Viable counts of P. gingivalis ATCC 33277 in the presence or absence of each of the four lactic acid bacteria (a) and viable counts of lactic acid bacteria in mixed culture with P. gingivalis ATCC 33277 (b). ●: number of P. gingivalis ATCC 33277 in monoculture, ○: number of P. gingivalis ATCC 33277 or E. faecium WB2000 in mixed cultures, △: number of P. gingivalis ATCC 33277 or L. salivarius CIP 103140 in mixed cultures, □: number of P. gingivalis ATCC 33277 or L. reuteri JCM 1112 in mixed cultures, and ⋄: number of P. gingivalis ATCC 33277 or S. salivarius JCM 5707 in mixed cultures.

3.2. Effect of E. faecium WB2000 on the Growth of Various P. gingivalis Strains

The effect of E. faecium WB2000 on the growth of five P. gingivalis strains (ATCC 33277, ATCC 53978, ATCC BAA-308, 2-1, and 7-1) was evaluated.
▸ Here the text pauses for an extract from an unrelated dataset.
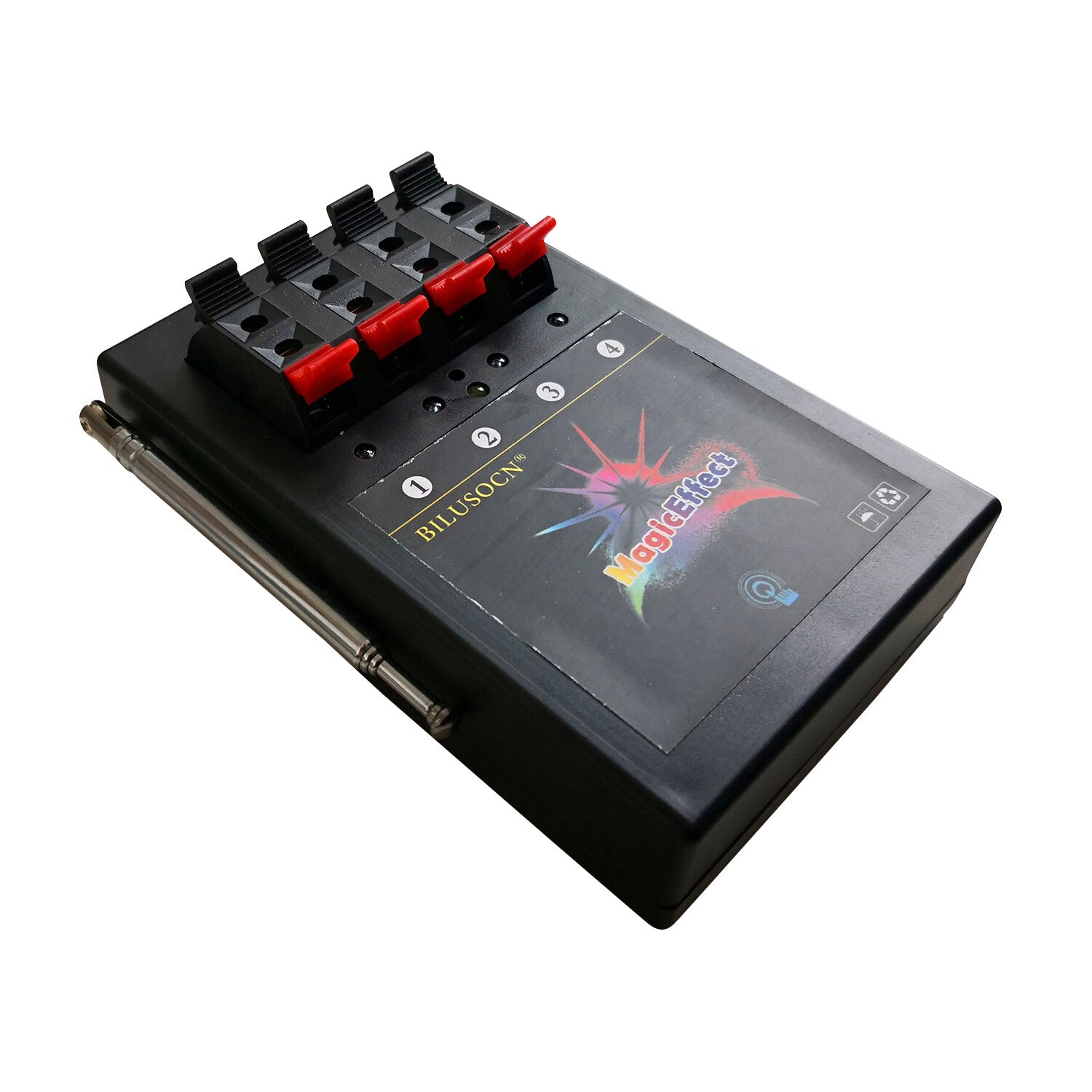 - Connect the electric igniters from your effects to the desired cues on the receiver boxes. The test light will turn green to confirm a good connection.

The numbers of all P. gingivalis strains decreased to less than the detection limit at 24 and 48 h in mixed cultures with E. faecium WB2000 (Figure 2). In contrast, the number of E. faecium WB2000 reached a plateau at 24 h.
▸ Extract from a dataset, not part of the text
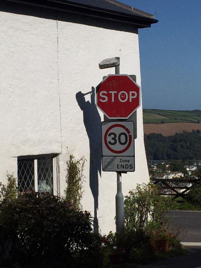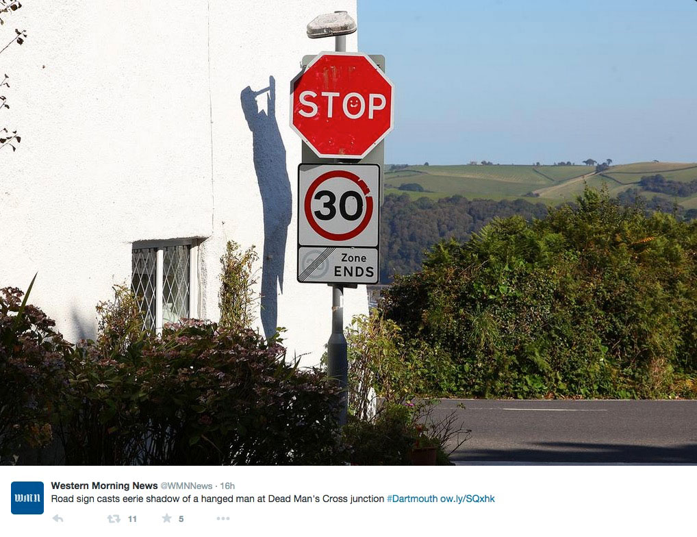A photograph from a British town Dartmouth has gone viral because of the freaky shadow this seemingly innocent sign casts.

3.3. Effect of E. faecium WB2000 on VSC Production by P. gingivalis Strains

The concentrations of VSCs in spent culture medium were measured by gas chromatography (Table 2). The levels of H₂S produced by P. gingivalis strains were lower than those of CH₃SH. The concentrations of H₂S in mixed culture media were higher than that in medium in which only P. gingivalis was cultured, with the exception of medium from mixed cultures of two P. gingivalis clinical isolates (2-1 and 7-1) and E. faecium WB2000 after 48 h. In contrast, the CH₃SH concentration in mixed culture medium was lower than that in medium from culture of P. gingivalis alone, with the exception of medium from mixed cultures of two P. gingivalis strains (W50 and 2-1) and E. faecium WB2000 after 24 h. The levels of CH₃SH in spent medium from P. gingivalis cultured for 48 h in the presence or absence of E. faecium WB2000 are shown in Figure 3. Although CH₃SH production by P. gingivalis was strain dependent, the CH₃SH concentration was markedly lower in spent medium from mixed cultures of all P. gingivalis strains and E. faecium WB2000 than in medium from culture of the latter microorganism only.

4. Discussion

The hypothetical mechanisms of probiotic action in the oral cavity are (1) involvement in binding of oral microorganisms to proteins, (2) effects on plaque formation and its complex ecosystem by competing and interfering with interbacterial attachment, (3) involvement in the metabolism of substrates, and (4) production of compounds that inhibit oral bacteria [11]. E. faecium has been reported to inhibit biofilm formation by cariogenic bacteria [7, 8]. Kumada et al. [8] reported a protein that inhibited biofilm formation by streptococci. In addition, our previous study suggested that E. faecium inhibits the growth of some mutans streptococci [7]. In this study, E. faecium WB2000 inhibited the growth of, as well as reduced CH₃SH production by, P. gingivalis. A study on L. salivarius TI 2711 reported that a low pH (≤6.0) and the presence of lactic acid (40–50 mmol/L) induced P. gingivalis death [12]. The pH of E. faecium WB2000 culture medium was 4.4 after 24 h of incubation (data not shown). The growth rate of E. faecium WB2000 was higher than that of the other lactic acid bacteria, suggesting that this organism rapidly inhibited the growth of P. gingivalis.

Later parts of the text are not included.